You don’t need to install a whole OS and then add Plasma to it for this at all. I took a peek at the install script, and it looks at the standard /etc/os-release file to get the distro information. This is the most common place used to find this sort of information.
You can edit /etc/os-release temporarily.
Change ID=neon to ID=ubuntu, the try re-running the installation script.
Editing this temporarily is is a common thing to do for software install scripts that look for specific distro names when using something based on ubuntu like KDE neon, Linux Mint and many others.
I think this will also work for fleetdm, though you probably can ask them to add it to their OS support list, just like it was done for Tuxedo OS (which is a variant of KDE neon)
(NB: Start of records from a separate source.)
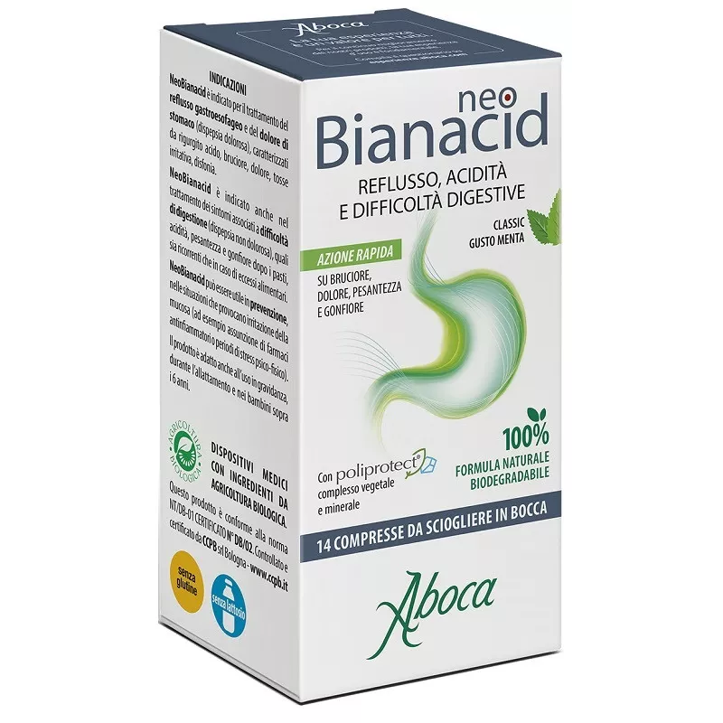 Indicato per il trattamento del reflusso gastroesofageo e del dolore di stomaco (dispepsia dolorosa), caratterizzati da rigurgito acido, bruciore, dolore, tosse irritativa, disfonia.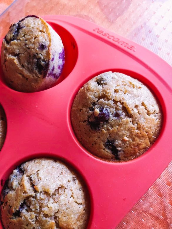 Ora, já sei que há formas de tornar estes muffins mais saudáveis: sim, pode-se substituir a manteiga por óleo de côco; sim, pode-se substituir o açúcar por um outro adoçante natural, como mel; e sim, pode-se substituir o leite magro por uma bebida vegetal à escolha. Mais ainda, não se esqueçam que estes muffins são ótimos para congelar e ir descongelando conforme for preciso. Reparem também naquele muffin maroto já a saltar da forma da Tescoma, de tão anti-aderente que ela é!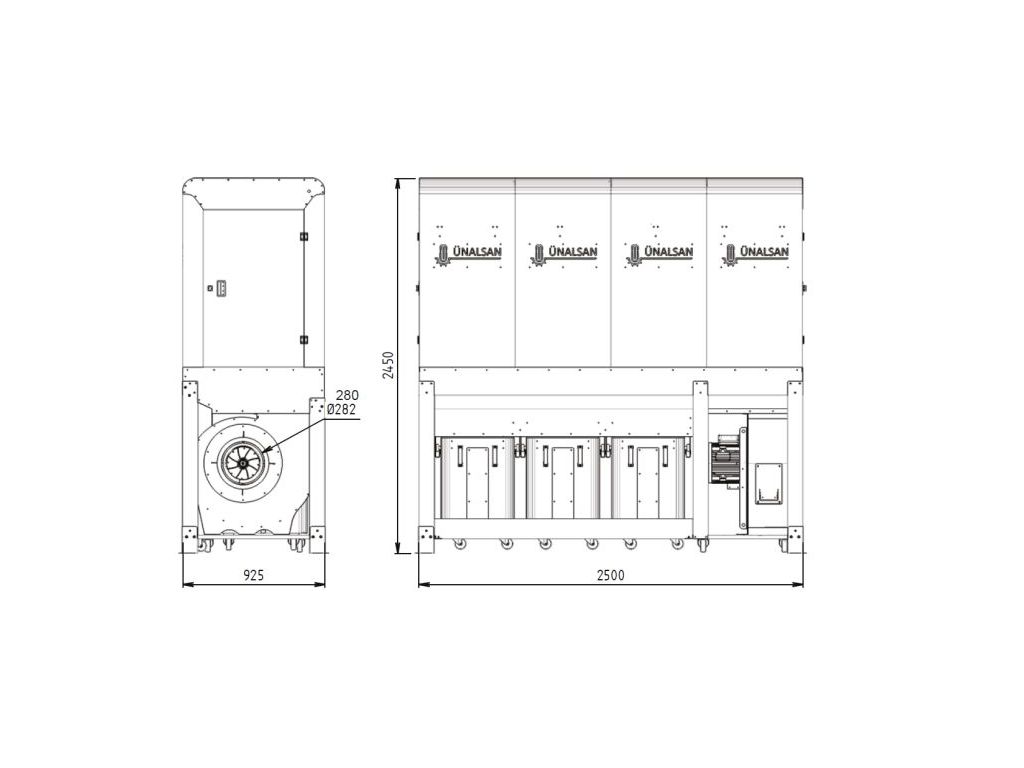 Пил і відходи від деревини збираються в викатні металеві бункери, які також встановлені на поворотних пластикових колесах, для зручності їх подальшого спорожнення. На кожному бункері є великі оглядові вікна для візуального контролю їх наповнення.
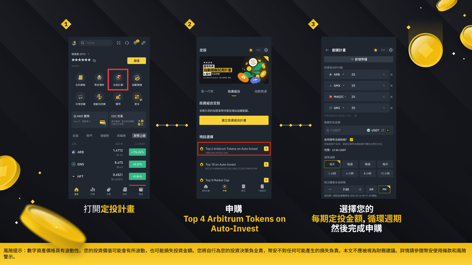 用户现在可以使用单一代币计画或投资组合计画购买以上代币。定投用户可以在预设选项中选择“Top 4 Arbitrum Tokens on Auto-Invest”。该组合计画帮助用户通过相同的定投计画更便捷地购买ARB、GMX、MAGIC和GNS。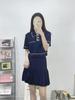 Roupa Feminina Transfronteiriça Primavera e Verão Novo Terno de Moda Francesa Conjunto de Duas Peças Feminino Top Tricotado Curto + Saia Plissada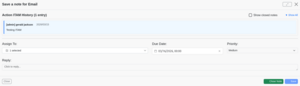 Clicking the Save Note button saves the details and creates the Action ITAM. Clicking on Close will close the form without saving your changes.
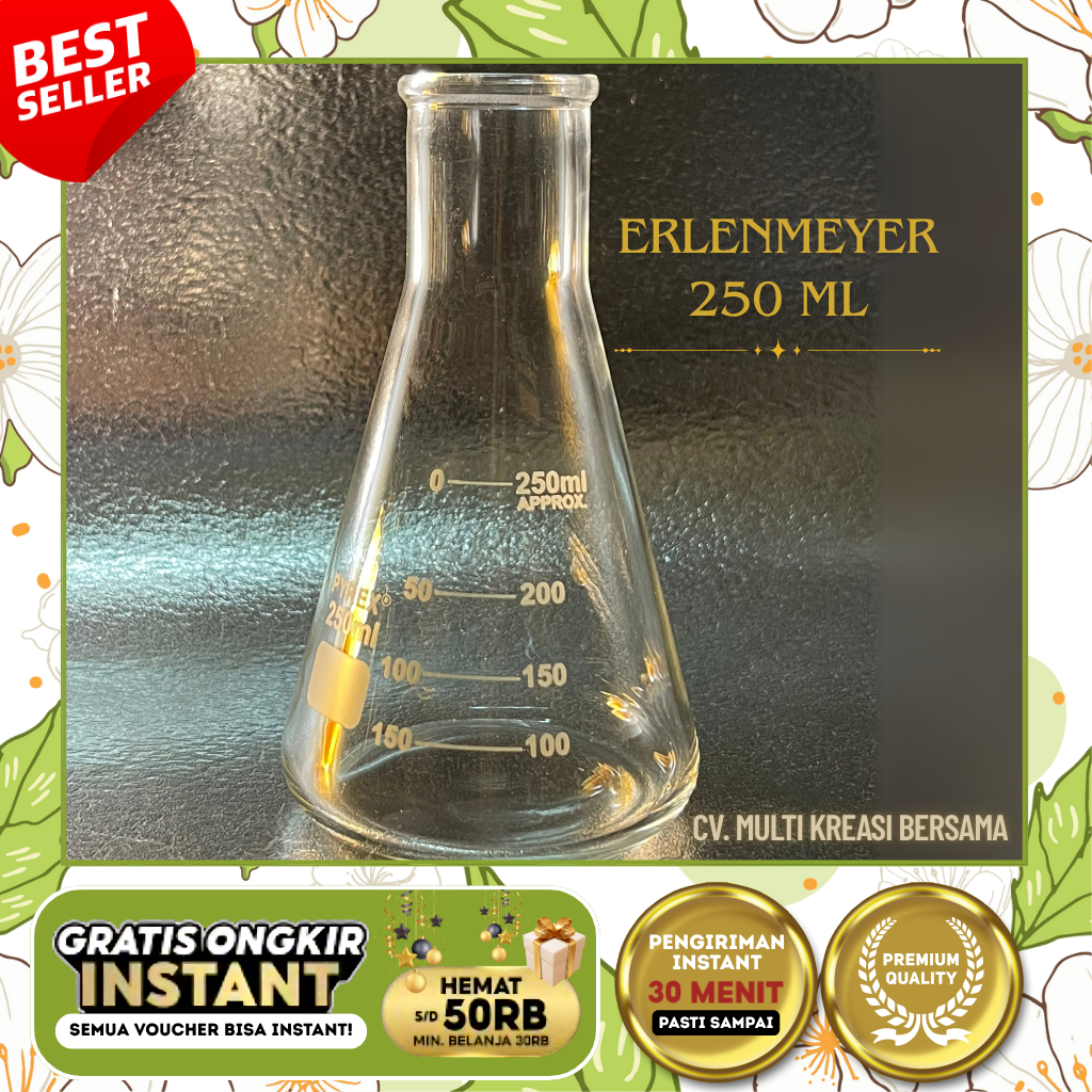 ERLENMEYER PYREX 250 ML / CONICAL FLASK/ LABU ERLENMEYER (MEREK PYREX) 250 ML

Ok, then don’t change it back? It isn’t terribly important overall in this situation since the actual OS is still Ubuntu, and won’t break anything. I only say to change it temporarily because it IS a system file, and it is good practice to put things back they way they were, in general.
But a tool that needs to check the OS/version multiple times a day would be a valid case for keeping the edit. Are you sure it needs to read this constantly, or it is just that the install scripting is the bit looking at the OS so that it can set up the appropriate repos for each distro and release? This would be easy enough to check
The only time I can think of that Neon would want to identify as neon instead of Ubuntu is at upgrade time every two years. You’d then switch it back----temporarily .
apt-mark hold base-files lsb-release should keep them at the version installed that you changed the files from. You would need to do an apt install base-files lsb-release to have them update again then of course could mark them held once more after making the changes needed.
I did the apt-mark hold and a dist-upgrade afterwards.
followed by some forced-overwrites and a full forced overwrite of
all neon packages in /var/cache/apt/archives
At least I’m on KDE 6 and the system is still in company-compliance
I will take it as a temporary system and do a different clean KDE neon installation on a different m.2
Btw. is there any step-by-step-guidance to install a KDE neon as
Raid 1 + LUKS + LVM which is also Secure-Boot-compliance?
Google did not lead me to something successfull.